Lambda Calculus

The section on computability mentioned the Church-Turing Thesis that Turing machines fully capture our notion of what may be computed.¹ Part of the original justification for this belief is that Alan Turing showed in 1936 that his machine model was equivalent in power to another model of computation being developed at around the same time by Alonzo Church. This model is now known as the lambda calculus, and it forms the core of the theory of functional programming.

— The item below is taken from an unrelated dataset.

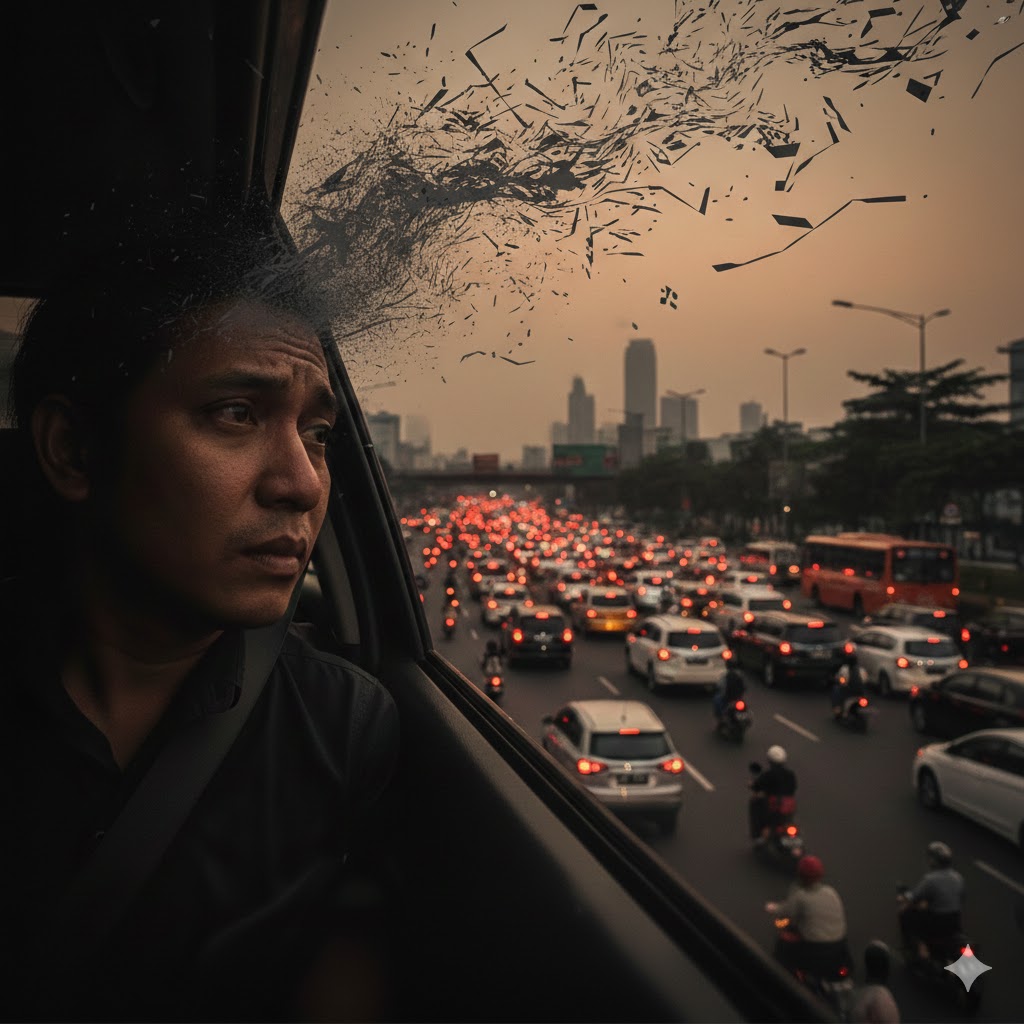 Di luar kerusakan fisik, kemacetan Jakarta menyerang fondasi kesejahteraan mental para penduduknya. Pengalaman harian terjebak dalam macet menciptakan beban psikologis yang signifikan, yang sering kali bermanifestasi dalam bentuk stres kronis, kecemasan, dan gangguan suasana hati. Penelitian terhadap pegawai di sektor transportasi di Jabodetabek menunjukkan bahwa lebih dari 51% responden mengalami gangguan kesehatan mental kategori berat akibat paparan kemacetan yang berkepanjangan.
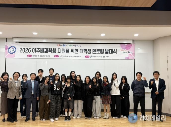 리치데일리 김상현 기자 | 충남교육청은 29일, 순천향대학교(아산)에서 순천향대 지도자 학생 6명과 온양용화고·아산충무고 학생 20명, 담당 교사 등 30여 명이 참석한 가운데 ‘2026 이주배경학생 지원을 위한 대학생 지도 발대식’을 개최했다.

As already mentioned in the introductory section on functional programming, the symbol lambda ( $\lambda$ ) is used to indicate an anonymous function defined by an expression. For example, $\lambda x(x + 1)$ is the function that takes any argument $x$ and returns that argument plus one; in ReasonML, this would be written x => { x + 1 }. The fundamental operation in $\lambda$ -calculus is known as beta ( $\beta$ ) reduction. Given an expression that contains a $\lambda$ function applied to an argument, $\beta$ reduction allows the application to be replaced by the body of the function with the argument substituted for the variable.²

For example, $(\lambda x(x+1))(41)$ may be reduced to the expression $41+1$ . To avoid an explosion of parentheses, we will often write a lambda function with a dot after the parameter name, meaning that the body of the function extends as far as possible to the right within the surrounding expression. We will also often omit the parentheses around the argument in a function application, writing $f\;x$ instead of $f(x)$ . When a term is applied to multiple arguments we will associate the application to the left, so that $M\;N\;P$ is the same as $((M\;N)\;P)$ . With these conventions, the previous example becomes $(\lambda x.\;x+1)\;41$ .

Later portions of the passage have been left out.